У меня не было — и, кстати, до сих пор нет — даже догадки о том, что лежало в основе объявленной мне войны. А это была именно война, а вовсе не партия в шахматы. «Процесс» Кафки, впрочем, тоже отличная аналогия.
Я-то была уверена, что кворум был — это было последнее заседание Ученого Совета перед каникулами. Лев Рафаилович Зиндер сидел бледный и нервничал, пока все не собрались.
Что же за список показал мне Парастаев? Зачем он дал мне отзывы? А зачем мне еще летом звонил ученый секретарь ЛГУ? Лучшее объяснение в таких случаях — самое краткое — не сумев найти среди «черных оппонентов» лиц достаточно черных, чтобы получить от них отрицательные отзывы, решено было изыскать иной путь. Запугать. Заставить самой забрать работу. По-видимому, на большую изощренность чиновники ВАК не были способны.

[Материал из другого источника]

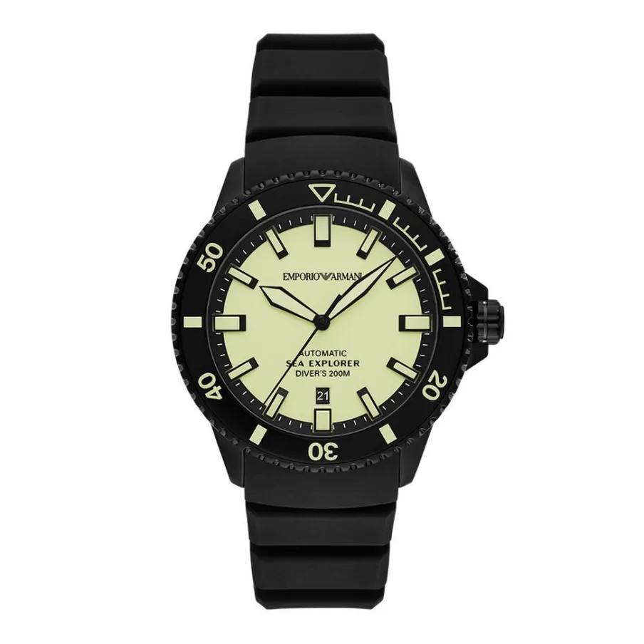 Montre Armani Sea Explorer Acier Noir Ronde Auto 42.5mm Fond Jaune Lunette Tournante Noir Bracelet Silicone Noir Ar60085
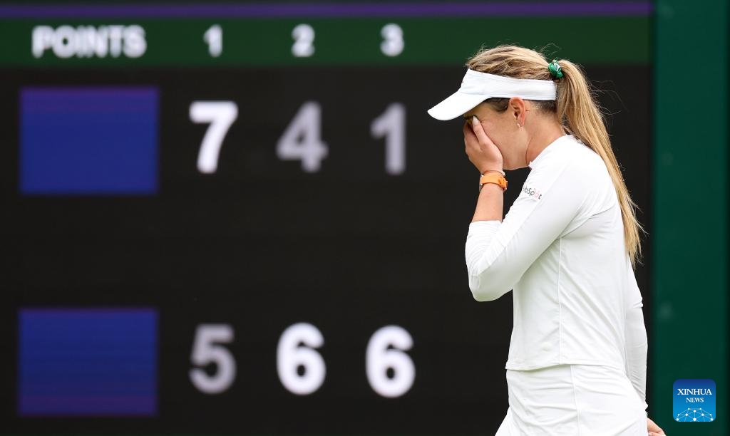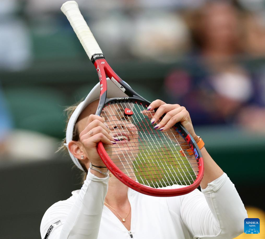 LONDRES, 9 julio, 2024 (Xinhua) -- Donna Vekic reacciona tras ganar el partido de cuartos de final de individuales femeninos entre Sun Lulu, de Nueva Zelanda, y Donna Vekic, de Croacia, en el Campeonato de Tenis de Wimbledon, en Londres, Reino Unido, el 9 de julio de 2024. (Xinhua/Li Ying)
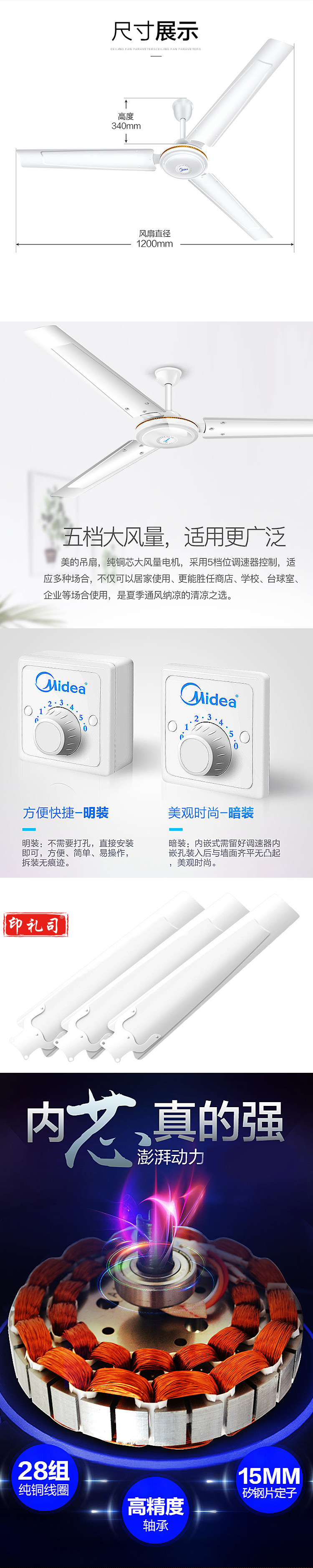 美的(Midea) FC120-BA 吸顶吊扇 5档 直径1200mm (含安装)
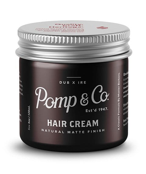 Pomp & Co. Hair Cream, to produkt na bazie wody. Oferuje średni chwyt oraz matowe wykończenie. Produkt charakteryzuje bardzo łatwą aplikacją i doskonałą teksturą. Krem zawiera wosk pszczeli, wazelinę i cerezynę, przez co gwarantuje doskonałe utrwalenie fryzury o różnej długości. Dzięki glince porcelanowej (kaolin) włosy mają zapewnioną ochronę przed nadmierną łamliwością i wypadaniem. Białka keratyny w połączeniu z lanoliną sprawiają, że uszkodzona struktura włosów pozostaje odbudowana i zyskuje elastyczność. Zapach kremu to świeże nuty wody kolońskiej.
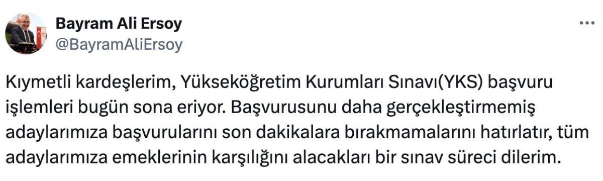 Kıymetli kardeşlerim, YKS başvuru işlemleri bugün sona eriyor. Başvurusunu daha gerçekleştirmemiş adaylarımıza başvurularını son dakikalara bırakmamalarını hatırlatır, tüm adaylarımıza emeklerinin karşılığını alacakları bir sınav süreci dilerim."
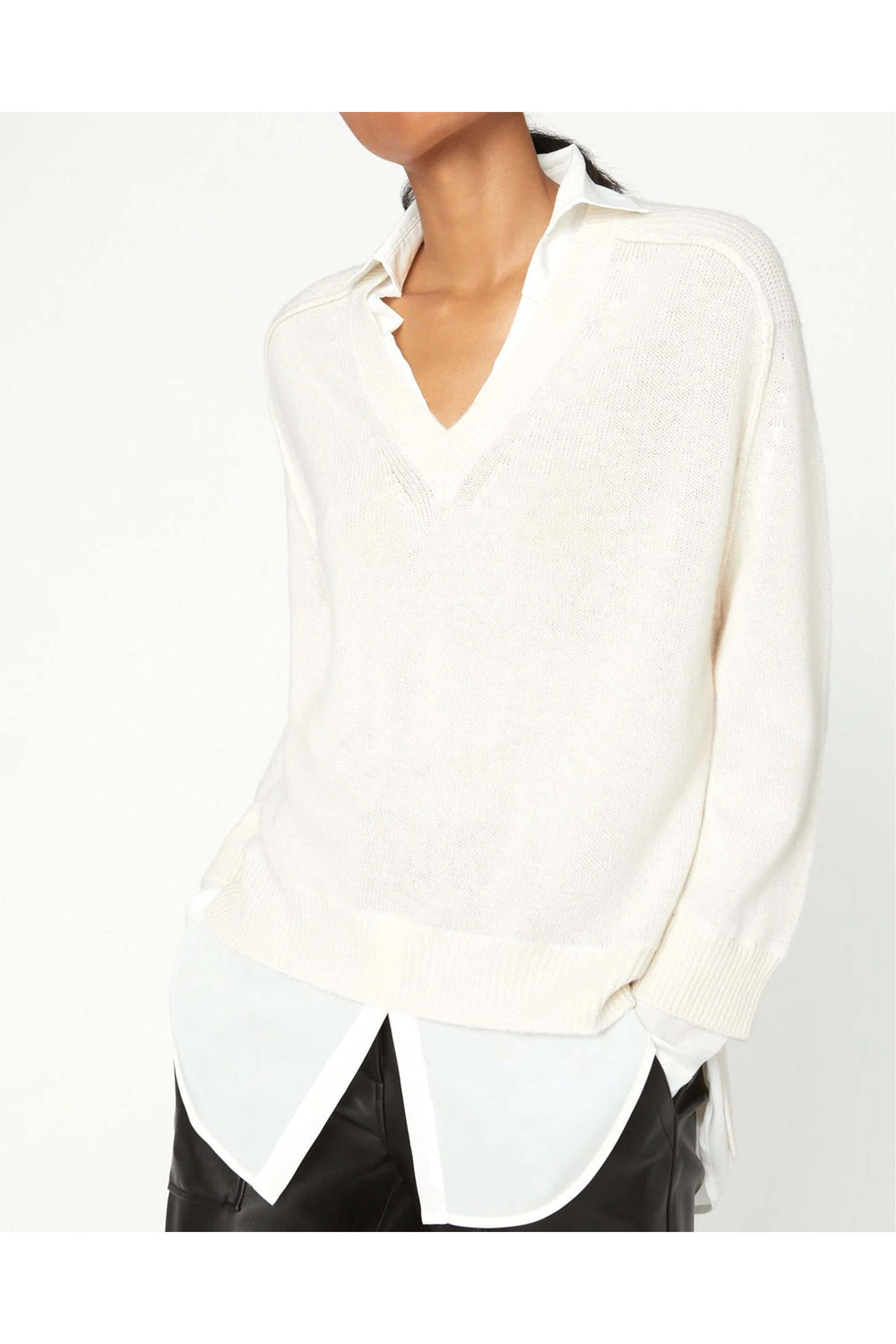 - Brochu Walker Almond and White V Neck Layered Pullover
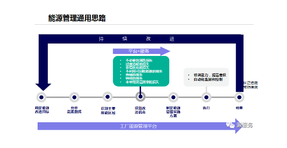 在整个能源管理过程中,能源管理平台是必不可少的一个管理工具,但是传统的能源管理平台,只能辅助能源管理的分析,并不能直接达到节能降耗的根本目标。若想要使企业持续处于能效管理的高效运行,提升能源效率和自动化识别改善项目是关键工作,这就需要依托于从能源管理系统升级至能效管理系统可以做出的以下改善:能效平台的功能规划、能效分析模式 、自动发现浪费、全厂公辅设备能效评测等,通过平台对企业能效进行自动分析,主动挖掘浪费点,从传统的结果管理提升到过程自动管理,实现对重点用能环节的自动化评测和监督改善,使企业能效始终维持先进水平。

Вечером того же дня я позвонила в Ленинград Лиде Бондарко. Она выяснила, что Парастаев показал мне бумагу, вообще не имевшую отношения к голосованию! Он подсунул мне список рассылки автореферата диссертации. Сорок шестым в нем стоял недавно назначенный декан филфака, которого не успели ввести в Ученый Совет.
Итак, это был откровенный шантаж. Нам оставалось притвориться простодушными и объяснить Парастаеву, что произошло недоразумение. Я предполагала, что хоть он и был мерзавцем, но будучи схвачен за руку, должен был бы уняться. Здесь мы попали впросак. Не каждый хам — мерзавец, и не всякий мерзавец — злодей. Но именно Парастаев удачно сочетал все эти качества. На таких не слишком крупных и потому неуловимых функционерах и держалась власть. Власть ВАК — в частности.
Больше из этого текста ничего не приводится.